Laura Donnelly and Ann Skelly teamed up for interviews (via Zoom) to discuss their roles in the sci-fi action series created by Joss Whedon (The Avengers, Buffy the Vampire Slayer). Donnelly’s Amalia possesses the ability to see brief glimpses of the future and Skelly’s Penance is a brilliant inventor. Polar opposites in personality, Amalia and Penance’s unwavering friendship is at the very heart of The Nevers. And during our interview, it was obvious that on-screen friendship reflects the off-screen relationship between the two actors.
What was your initial reaction to the project? Did you immediately jump at the opportunity to be involved in an action series?
LAURA DONNELLY: “When I first read the pitch, it was one line. It was like, ‘Victorian women get special powers and try and save the world.’ I kind of felt, ‘I don’t know…doesn’t really sound like my thing.’ And then I went in for a meeting and when I did I got told the whole thing – like all the spoilers. I got told everything about Amalia, everything about the series, and I was completely hooked because suddenly I realized it was so much more than what that one line was telling me. Talk about don’t judge a book by its cover!
The layers of it, the sheer scale of the ambition of it, I couldn’t believe. The fact that as a character Amalia has everything wrapped up in it that I could want for a character. There is, like you say, action which I was dying to do, but it also really stretches me dramatically as an actor as well. You know, I get to use all of the skills that I’ve learned in that department, and I knew that it was also going to be telling something that was socially relevant to us. And I knew that I was going to get to be part of a largely female cast which is too good an opportunity to miss because that never happens. So, everything about it was appealing. It was an absolute no-brainer.”

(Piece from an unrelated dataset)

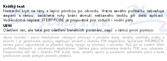 Nesterilní krytí na rány s lepící plochou po obvodu. Vrstva savého polštářku zabraňuje slepení s ránou, zaoblené rohy brání shrnutí netkaného textilu při delší aplikaci. Voděodolná náplast STERI*PORE je propustná pro vzduch i vodní páry.

ANN SKELLY: “Whereas in contrast, every time I turned a corner I went, ‘Oh, wow!’ And then I’d walk down the road and I’d turn a corner and go, ‘Oh, wow!’ And then keep going and it’s more, ‘Oh, wows.’ I just was piecing things together along the way and Laura would sometimes feed me information – illegal secret information. So, yeah, I was very much piecing it together along the way, I think. It was like a world unfolding in front of me. It was incredible.”
What was the most challenging part of getting into character?
ANN SKELLY: (Laughing) “I break every single prop I touch which, as you can imagine, does not come in useful. And sometimes when Penance’s contraptions break, they don’t break in the way that I need them to. That seemed quite challenging for me…being able to control these uncontrollable props in a way that makes it look on purpose.
I would say that and Penance’s joy. I can’t believe how little I’ve investigated what it means to be happy or what it means to be light. For roles, I’ve always been in a dark, dark headspace/mindset. ‘Let’s get in here,’ you know? It’s incredible how lightness and humor is quite hard to do.”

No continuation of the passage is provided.